• _YOUR OBJECTIVE_: Exact copies of the lines below, from the one with "活动中,张丹老师从公考考情、" up to and including the one with "La proposta de", are what this calls for; leave out pictures.

• _PROVIDED RECORDS_:
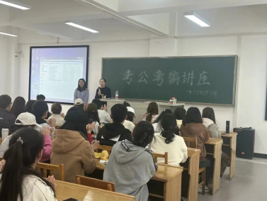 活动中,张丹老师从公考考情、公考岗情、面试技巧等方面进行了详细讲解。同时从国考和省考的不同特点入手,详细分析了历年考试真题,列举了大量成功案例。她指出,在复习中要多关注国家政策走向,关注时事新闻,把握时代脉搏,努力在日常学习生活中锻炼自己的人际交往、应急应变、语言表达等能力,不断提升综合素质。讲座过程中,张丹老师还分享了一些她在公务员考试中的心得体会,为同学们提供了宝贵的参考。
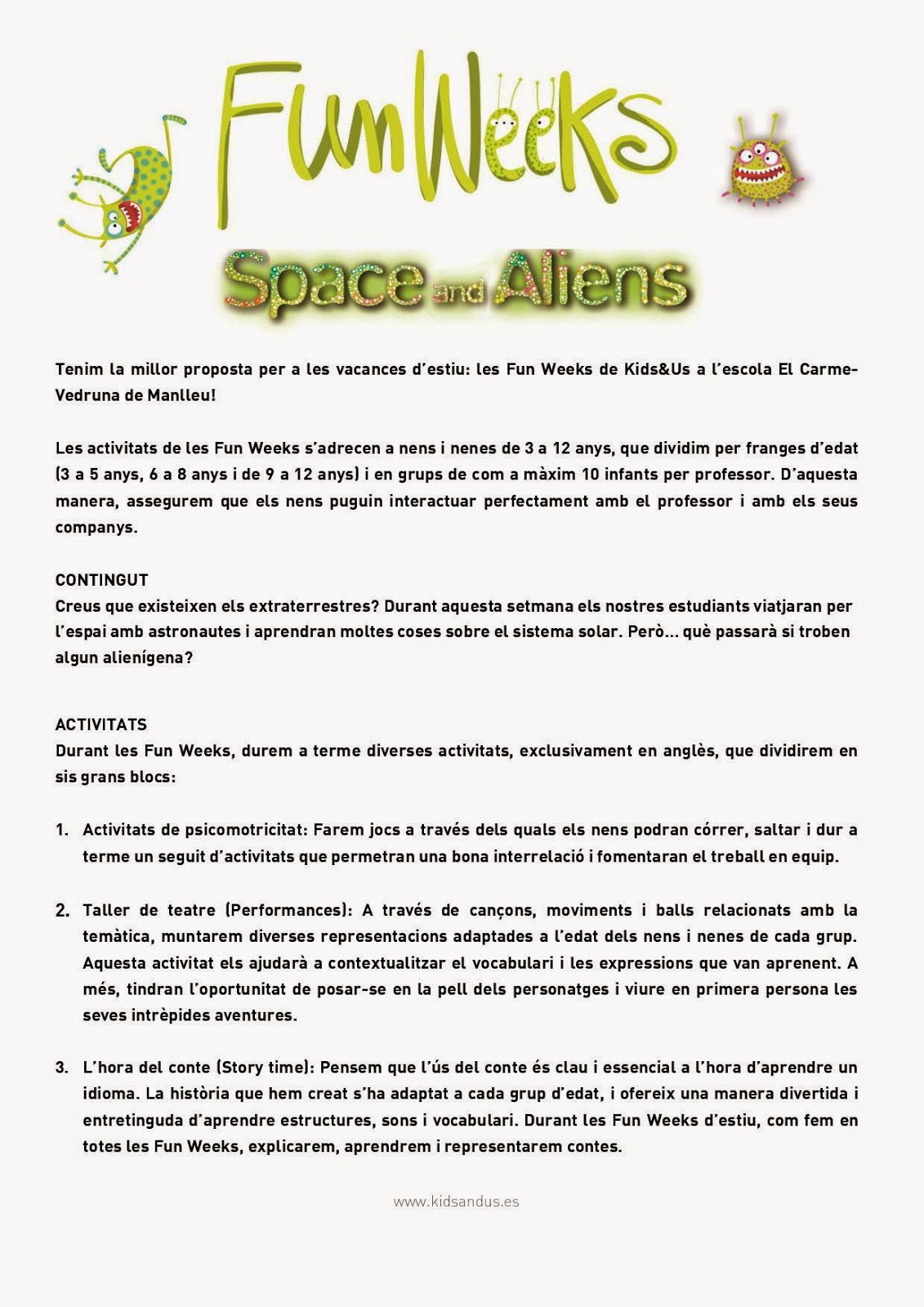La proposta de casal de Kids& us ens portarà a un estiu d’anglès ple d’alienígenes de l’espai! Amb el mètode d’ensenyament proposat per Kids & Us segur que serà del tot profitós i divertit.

--

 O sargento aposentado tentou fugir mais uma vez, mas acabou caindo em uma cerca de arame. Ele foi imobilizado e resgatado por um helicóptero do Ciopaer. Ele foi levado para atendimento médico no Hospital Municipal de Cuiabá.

• _TASK SOLUTION_:
 活动中,张丹老师从公考考情、公考岗情、面试技巧等方面进行了详细讲解。同时从国考和省考的不同特点入手,详细分析了历年考试真题,列举了大量成功案例。她指出,在复习中要多关注国家政策走向,关注时事新闻,把握时代脉搏,努力在日常学习生活中锻炼自己的人际交往、应急应变、语言表达等能力,不断提升综合素质。讲座过程中,张丹老师还分享了一些她在公务员考试中的心得体会,为同学们提供了宝贵的参考。
La proposta de casal de Kids& us ens portarà a un estiu d’anglès ple d’alienígenes de l’espai! Amb el mètode d’ensenyament proposat per Kids & Us segur que serà del tot profitós i divertit.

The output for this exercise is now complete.